Jake shifted in his seat and turned to look at me, putting his arm over the back of my seat.

“Fiona, I need you to do something for me.”

“Uh-oh.”

“I need you to start work on the library as soon as you can and in the process, I need you to look for clues, like anything out of the ordinary. You know, like look through books, through drawers, under things.”

“Under things? What do you mean? Why can't you do it?”

“I have. I made a thorough search of the library, but I didn't find anything. I know you can be more thorough than I can.”

Flattery goes a long way. But I was more than miffed that he was not sharing clues with me.

“What are you going to be doing while I’m hard at work?”

“I’m taking a little trip.”

“To?”

“Africa, leaving this afternoon.”

“What? You’re leaving right in the middle of our big investigation?”

He looked around like we could be overhead. He was definitely a nervous guy. But there wasn’t anyone else in the church parking lot except a couple of trees struggling to grow in asphalt. The sun was high overhead, and I was beginning to come down off a party high. I needed a nap bad, and I know I looked like I had spent the night on a couch. But Jake had more explaining to do. He wasn’t answering me.

“Jake?” I asked.

“I guess you aren’t buying that.”

“No, and there’s some other stuff I’m not buying. I don’t think you are a private investigator. I think you’re a family friend who’s trying to help Opal out and not doing a very good job of it. Do you know there is an online Professional Private Investigators Directory, and you are not on the list?”

Jake laid his head back on the headrest and closed his eyes. “I could fall asleep right here.”

“Jake Manyhorses, if that is your real name, you come clean.”

“Oh, boy,” he said, scrubbing his face. Then he turned his head and looked at me with bleary eyes. “You’re pretty good, Fiona, and I’m really not good at this at all. I’m really not good about lying.”

“You’ve got yourself mixed up in a dysfunctional family.”

“You don’t know the half of it.”

“You aren’t really going to Africa, are you?”

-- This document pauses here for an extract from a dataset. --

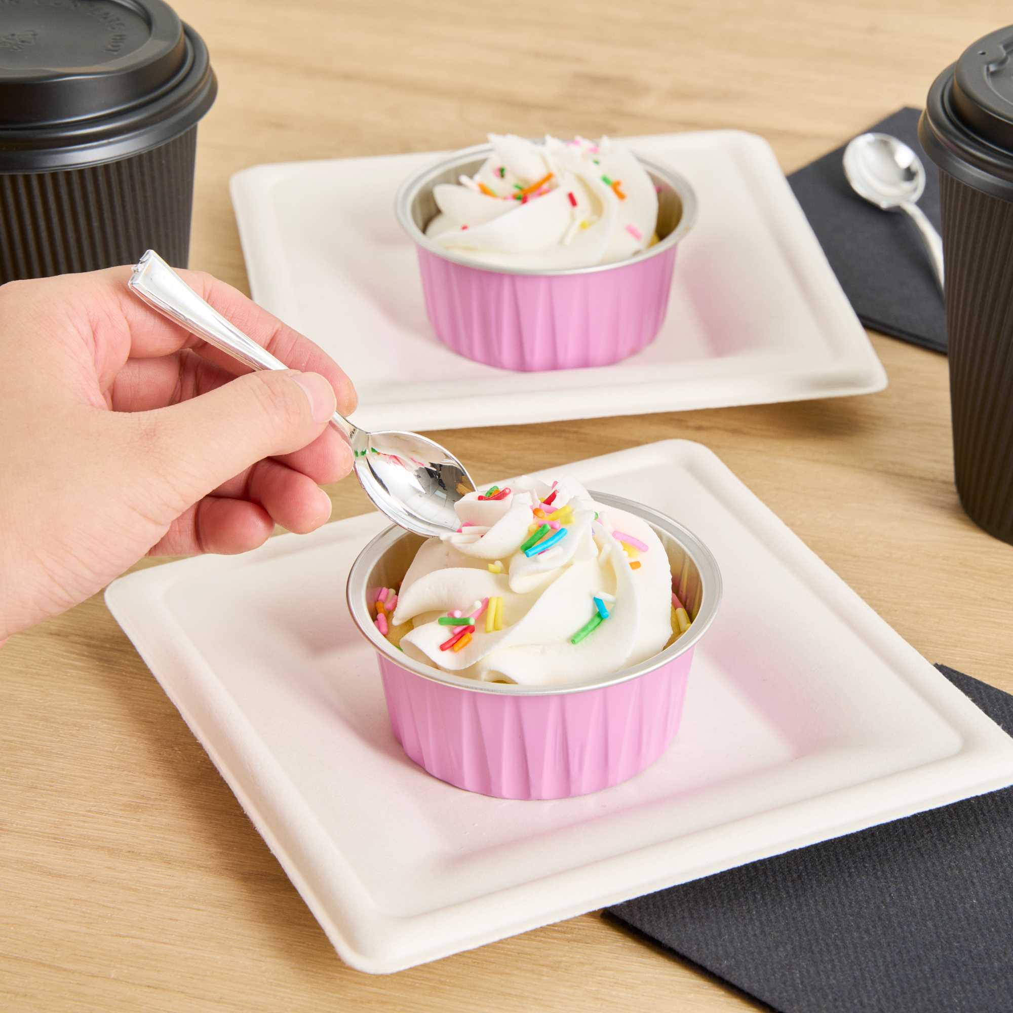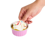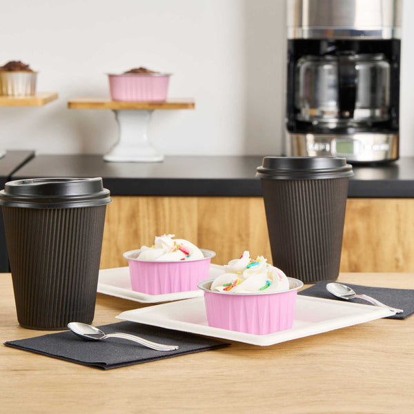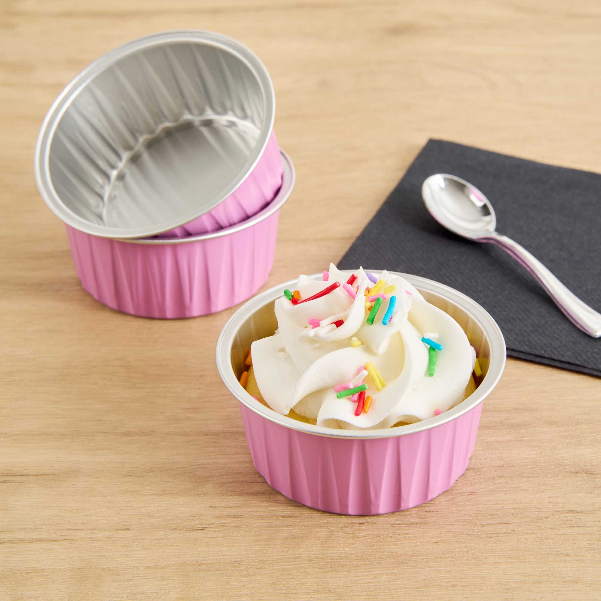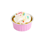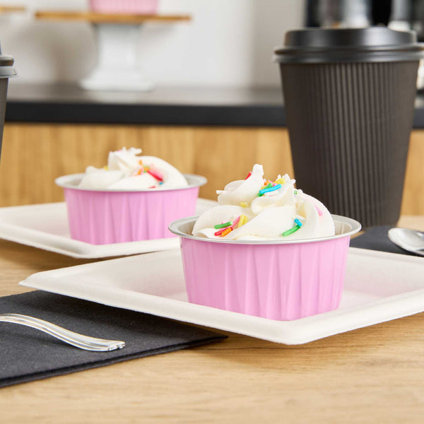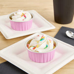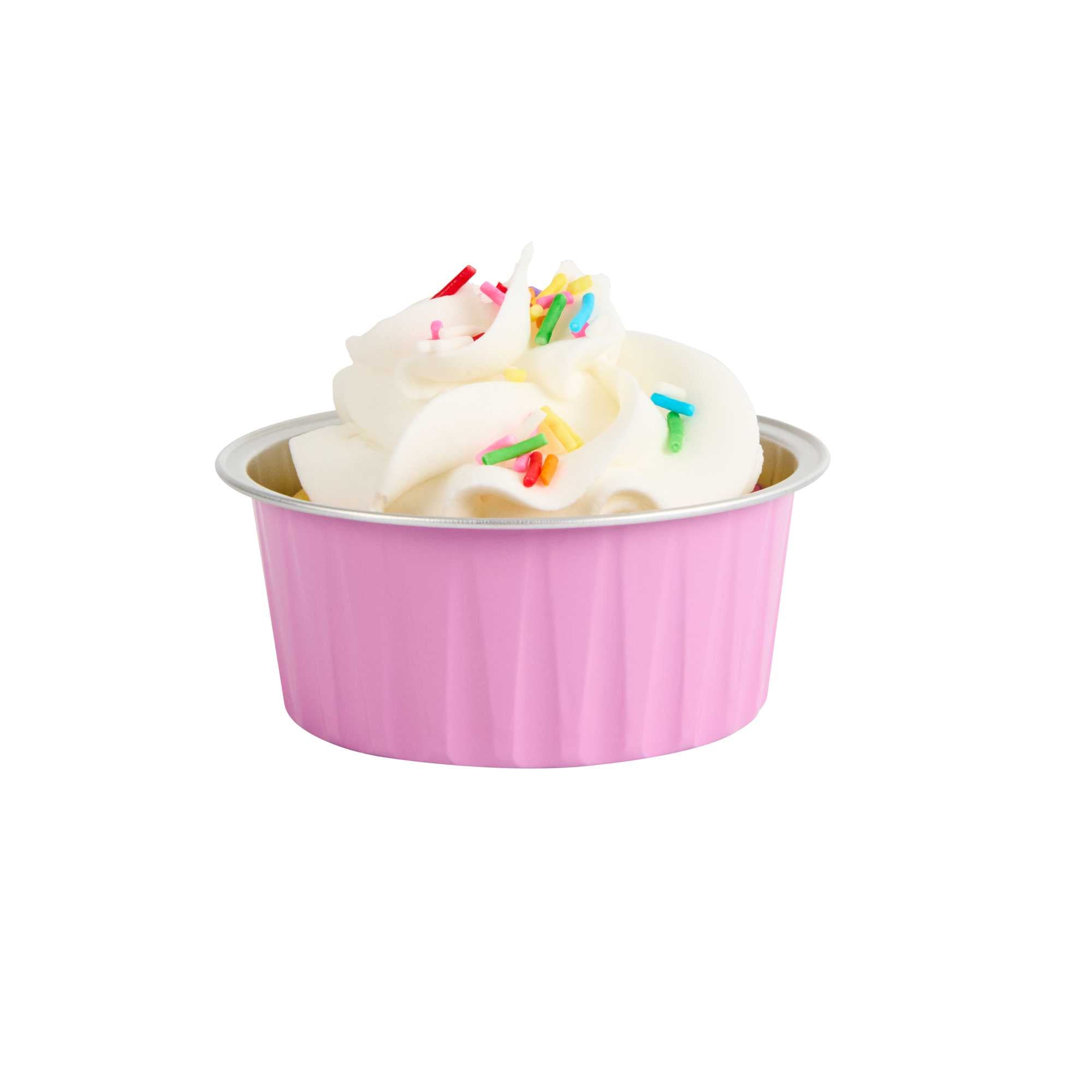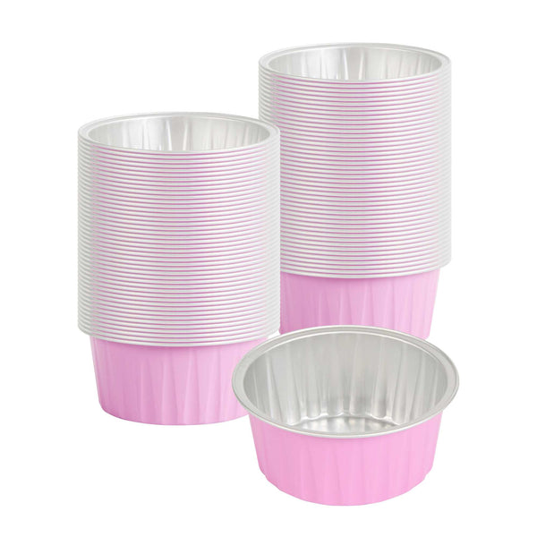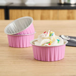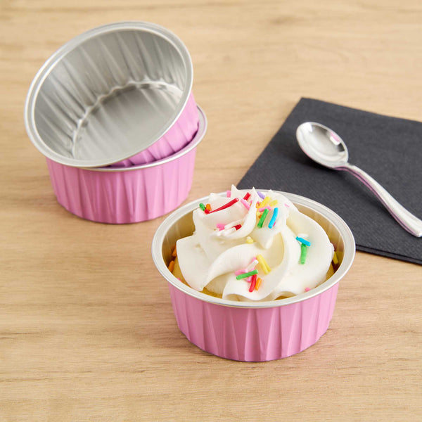 Take delight in your favorite baked goods using our Foil Lux 4-ounce Round Pink Aluminum Baking Cups. Pair these pink baking cups with our Foil Lux specially designed flat and dome plastic lids (SKU: RWM0089C and RWM0090C) to easily transport your confections. These baking cups are durable and free-standing to ensure they won't bend or break during use and can be put into the oven without a baking pan. Convenient and stylish, these pink dessert cups are freezer-safe and oven-safe up to 500F, making them ideal for baking and cooling off pastries, cupcakes, or appetizers. These muffin baking cups are also grease-resistant and scratch resistant, to make sure your desserts stay intact. With a pink finish and a stylish surface, these aluminum baking cups add a chic look to your delectable desserts. Measuring 3.25 inches wide and 1.5 inches tall, these 4-ounce disposable pink baking cups are ideal for single-serve desserts. Sold in a 100 count box. Lids available and sold separately.

“No,” he sighed. “I just said that. I want to get away from this crazy family. I want to just disappear. I owe Opal a favor, and I’m trying hard to figure out what happened to Albert, but the more I dig the dirtier it gets. I want to go back to Oregon, get on a horse and disappear into the sagebrush.”

“This is a tangle all right. I need to go home and decompress. Maybe we can talk later after we’ve had a chance to recover, and this time compare real notes.” I put my hand on the door handle.

“I still need you to search the library.”

I looked at him. “It seems strange they want the library redesigned. You can appreciate that I don’t want to continue if I’m not going to get paid. Doesn’t sound like there’s going to be any money left over for anything.”

Jake coughed like he had swallowed something pungent, like a habanera pepper. “I know you aren’t going to believe me but Albert isn’t in financial difficulty. Opal has been spreading rumors faster than a Ford 350 diesel in overdrive. I’m not sure what she’s doing but there’s some internal politics that I can’t figure out. She gives me a different story every day.”

“Maybe you should involve the police.”

“Opal does not want the police involved. Definitely not.”

“What’s she got you on the hook for?”

“You mean, why do I keep doing this?”

I nodded.

He sighed. “Opal got me off the reservation. She gave me a job when I really needed one and a purpose in life when I had none. I owe her everything. She literally turned my life around. This is the least I could do for her.”